The School of Computing and Information’s redesigned Master of Library and Information Science degree program to launch in Fall 2019
The Department of Information Culture and Data Stewardship’s redesigned Master of Library and Information Science (MLIS) degree program will launch in Fall 2019 term. The redesigned program offers a new foundational core that features three new courses, numerous electives that allow students to tailor the degree to their career interests, and a newly created Design Methods Sequence that highlights immersive experiential learning.
“The redesigned MLIS is rooted in the pioneering program to educate librarians to work with children founded at the Carnegie Library of Pittsburgh with Andrew Carnegie as its first benefactor,” explains Dr. Mary K. Biagini, associate professor and director of the School Library Certification program. “One hundred years later, the MLIS degree became the first degree at the University of Pittsburgh to be offered online. From its earliest days, the MLIS degree has valued community-based, experiential learning and entrepreneurial thinking, and its quality has been recognized since the first accreditation of library programs by the American Association of Library Schools in 1926.”

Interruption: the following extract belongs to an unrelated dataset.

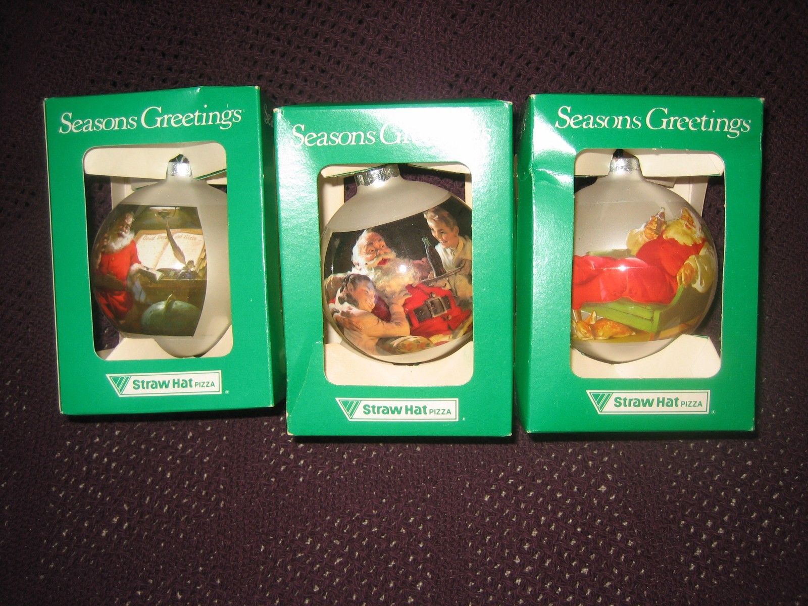 Coca Cola Christmas Ornaments, Straw Hat Pizza Promos, Sundblom Santas

The new foundational core, based on the culture and values of librarianship and information science, will prepare students to understand the roles both information and data play in society. These courses focus on the lifecycles of data and information, data and information in systems, and the roles of information professionals in communities. The foundational core and Design Methods Sequence, along with electives that meet specific career interests, prepare graduates of the MLIS program to advocate for and create positive change in their communities.
Our newly developed Design Methods Sequence distinguishes this program by creating opportunities for students to participate in real-world experiences with organizations and communities to create information solutions. Students will practice skills that are essential for information professions including empathy, listening, brainstorming, and problem-solving.
“Our Design Methods Sequence provides every student with hands-on, experiential learning bolstered by theory learned in the classroom, combined with practice learned by working with organizational partners to develop community-centered solutions to information problems. This is an innovative, three term sequence of courses that teaches students design methods, project management, and teamwork during the entire program,” says Dr. Matt Burton, lecturer in the Department of Information Culture and Data Stewardship, who is organizing the Design Methods Sequence.
The Department is actively recruiting students with diverse academic backgrounds and life experiences to be a part of the pioneering cohort. Applications are being accepted now for Fall Term 2019.